Re: methods based on cycle proof conditions
Abd ul-Rahman Lomax <abd <at> lomaxdesign.com>
2010-06-03 20:28:30 GMT
At 02:54 PM 6/3/2010, Chris Benham wrote:
> Forest Simmons wrote (1 June 2010):
>I. BDR or "Bucklin Done Right:"
> >Use 4 levels, say, zero through three. First eliminate all
> candidates defeated
> >pairwise with a defeat ratio of 3 to 1. Then collapse the top two
> levels, and
> >eliminate all candidates that suffer a defeat ratio of 2 to 1. If any
> >candidates are left, among these elect the one with the greatest number of
> >positive ratings.
>This seems to be even more Approvalish than normal Bucklin.
>65: A3, B2
>35: B3, A0
>(I assume that zero indicates least preferred)
>Forest's "BDR" method elects A, failing Majority Favourite.
As will any method which optimizes expressed utility, assuming that
these numbers are a rough expression of utility. Because they can be
some kind of artifact, I would suggest that a vote like this calls
for a runoff.
Note, in Bucklin, those approvals would be spread, and, of course, A
wins in the first round. In real elections, though, with numbers like
this, and no interfering candidate, if the 65 actually do rate B with
a 2, they are expressing that they don't much care, so the election
can legitimately be decided by the voters who do care. This is normal
democratic practice! If a runoff where held with these primary
numbers, I would expect low turnout and B wins by a landslide.
But if the A faction was somehow duped into voting like that, the
reverse will happen.
Now, who would use BDR with only two candidates? It's like using
Range with only two candidates. Why would you care about "majority
favorite" if you decide to use raw range. I wonder why the A faction
even bothered to vote with that pattern of utilities ("ratings").
That's what is completely unrealistic about this kind of analysis.
For many, for years, to note that a method failed the Majority
criterion ("Majority favorite") was the same as saying that it was
totally stupid. But real, direct, human decision-making doesn't
satisfy the criterion unless people just want a fast decision and
don't care much. If they don't care very much, and somebody does care
and makes a big fuss, what happens?
From the answer you can then tell what kind of society it is, its
sense of coherence and unity, its ability to negotiate consensus and
thus natural operational efficiency, etc.
If I let you have your way when you care and I don't, then you let me
have my way when I care and you don't.
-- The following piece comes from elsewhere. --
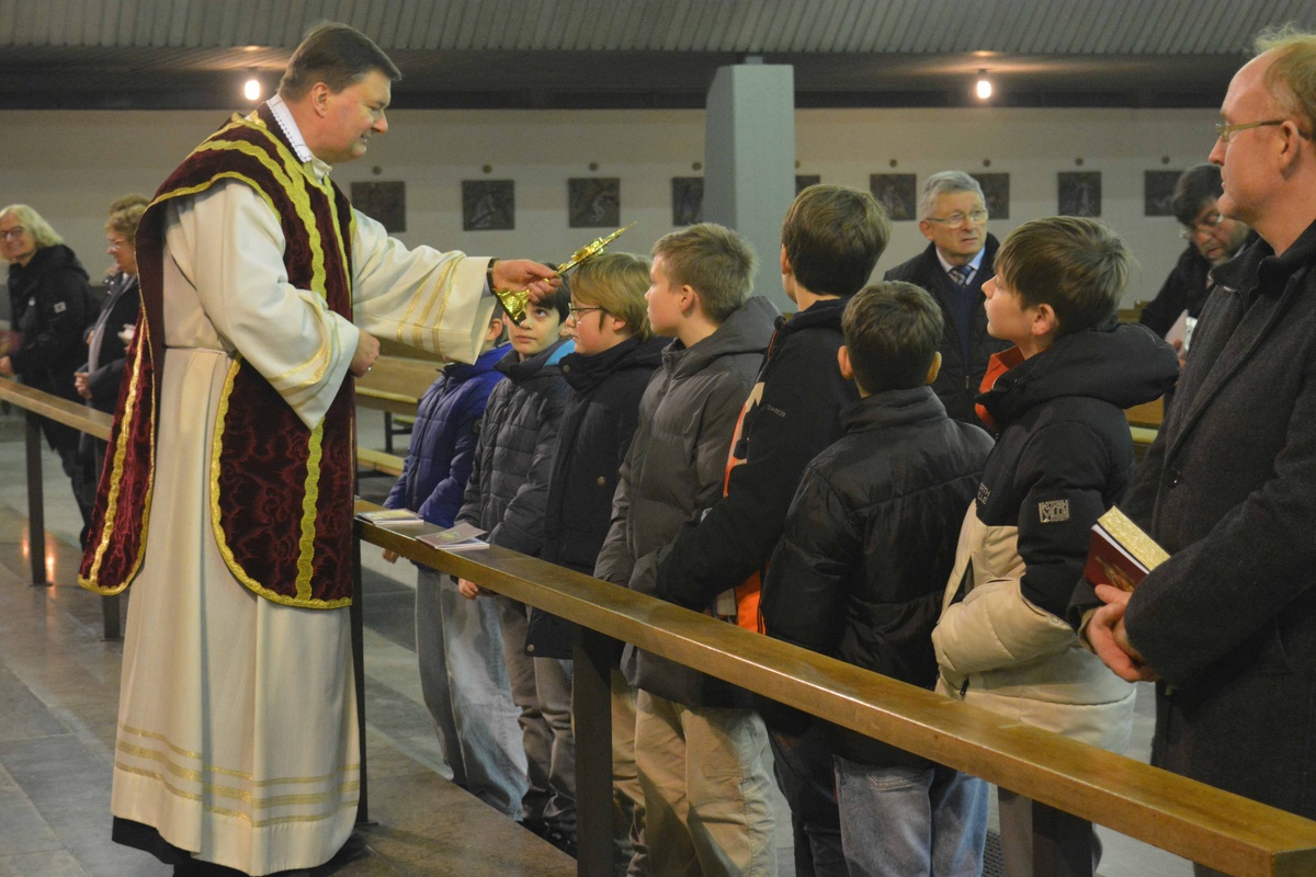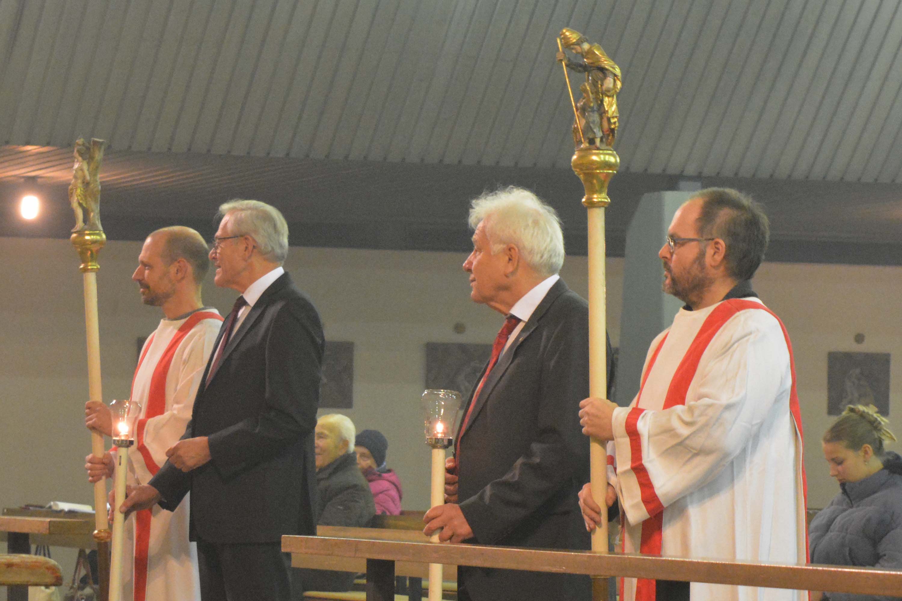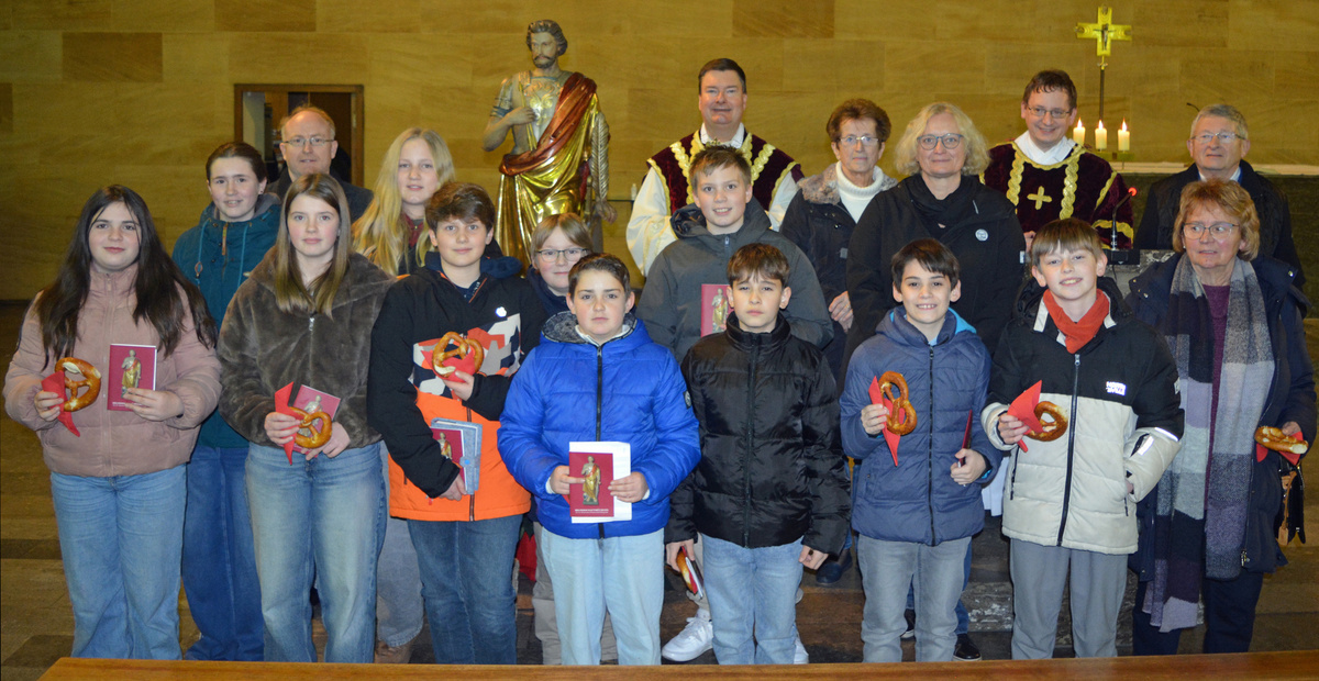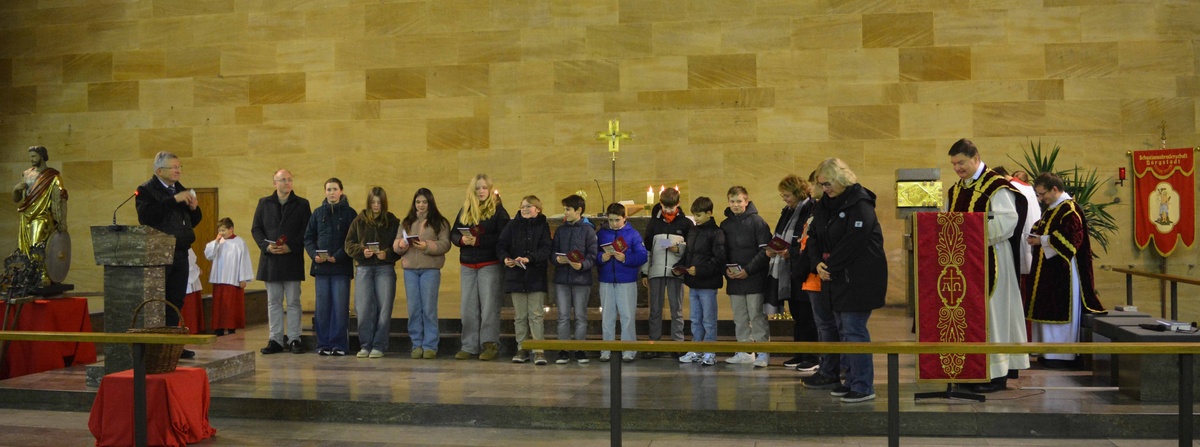 Im Gottesdienst mit Neuaufnahme am Brudermontag, 19.01.26 begrüßte Pfarrer Kölbel die Mitglieder der Bruderschaft, und besonders auch die 10 Jugendlichen und 4 Erwachsenen die an diesem Abend neu aufgenommen wurden. Er erinnerte voll Dankbarkeit an den Heiligen Sebastian, dessen Gedenktag am 20. Januar gefeiert wird. Er erinnerte auch dankbar an die 511 Jahre lange Tradition, an die unglaublich vielen Mitglieder, die uns im Glauben vorausgegangen sind. Wenn wir feiern, sind nicht nur wir hier, diese Messe feiern auch alle Verstorbenen der Bruderschaft mit uns, sie gehören immer noch zur Bruderschaft. Das ist ja auch der Sinn der Bruderschaft, dass sie eine Gebetsgemeinschaft ist, die noch weit über das irdische Leben hinaus reicht, das ist das schöne daran, dass einen die Gemeinschaft nicht vergisst, auch wenn sich sonst niemand mehr an einen erinnert. Wir können an diese Gemeinschaft glauben, weil Jesus Christus uns versprochen hat, dass wir mit ihm eine Gemeinschaft haben, die unzerstörbar ist. Das Gedenken der Verstobenen des vergangen Jahres war auch im Mittelpunkt der Festandacht am Sonntag, 18.01.26 um 17.00 Uhr gestanden. Wie üblich wurden die Namen der Verstorbenen in Bürgstadt, aber auch auswärts von Brudermeister Michael Schmitt vorgetragen. Dass auch Sterbefälle z.B. in USA gemeldet werden und auch an lange ausgereiste Mitglieder noch gedacht wird, gab er den neu aufgenommen Mitgliedern mit auf den Weg.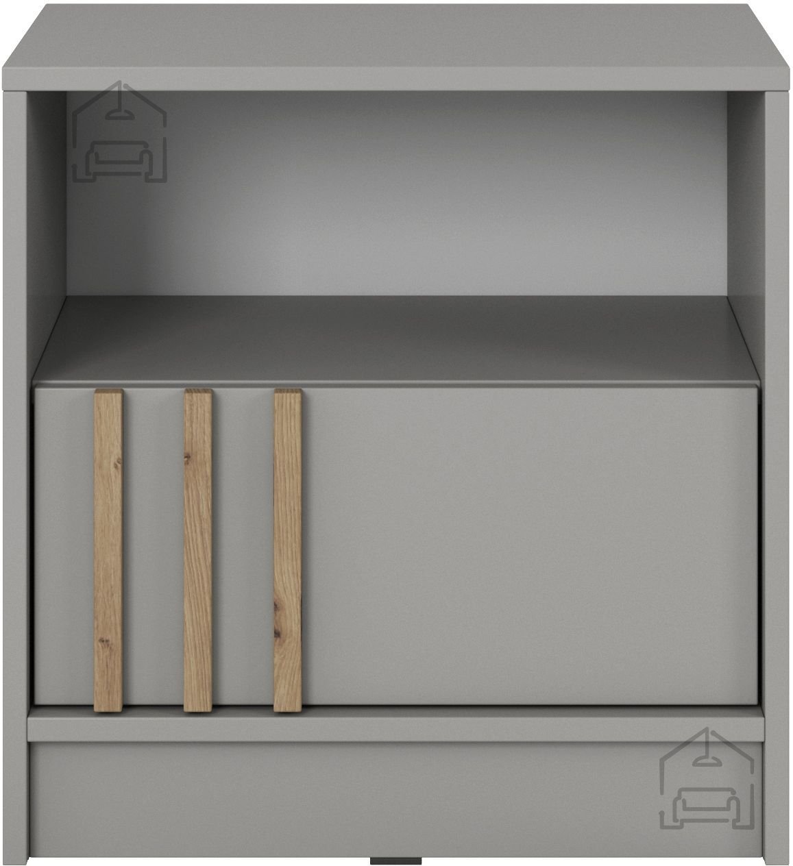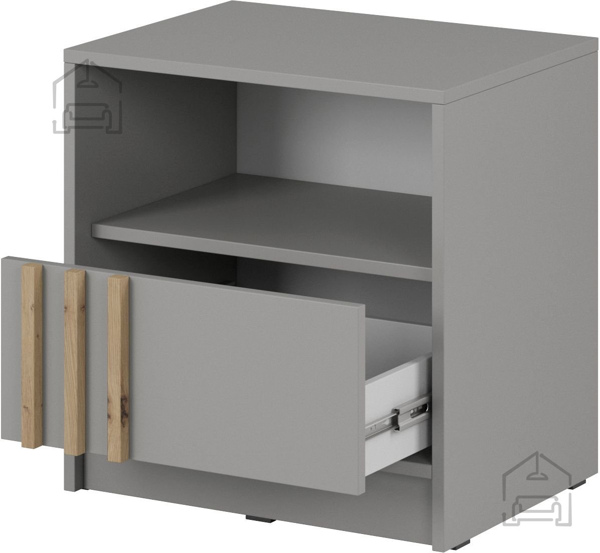 Wir präsentieren Ihnen den Nachttisch Nelly, der Eleganz und Funktionalität in einem einzigen Produkt vereint. Mit seinem modernen Design in der Farbkombination Grau und Eichenholz Artisan wird dieser Nachttisch zu einem unverzichtbaren Teil Ihres Schlafzimmers. Hergestellt in der renommierten Fabrik Piaski in Polen, garantiert er die Qualität und Langlebigkeit, die Sie suchen.

Therefore utility maximization
systems will generally improve outcomes for *everyone*. The overall
game is not a zero-sum game. Single-winner elections appear to be
only when they are divorced from the context.
There is something related in comparing Approval and Range.
I found this odd effect, studying absolute expected utility in a
zero-knowledge Range 2 election voted "sincerely" in the presence of
a middle utility candidate. The individual expected utility for the
voter was the same for the approval-style vote vs the Range vote.
(And, of course, it was the same if you voted for the middle
candidate or not, the situation is symmetrical). But if the *method*
was approval, the expected utility was lower than if the method was
Range. Compared to Range, Approval was lowering everyone's expected utility!
So everyone votes Approval style, the expected utility of the outcome
must be lower than if at least one person votes Range style.
(Otherwise Range is the same as Approval, if nobody actually uses the
Nobody has bothered to confirm or disconfirm this result. Warren
validated some of it, but not that part, and to really nail it down
required more math than I could easily do.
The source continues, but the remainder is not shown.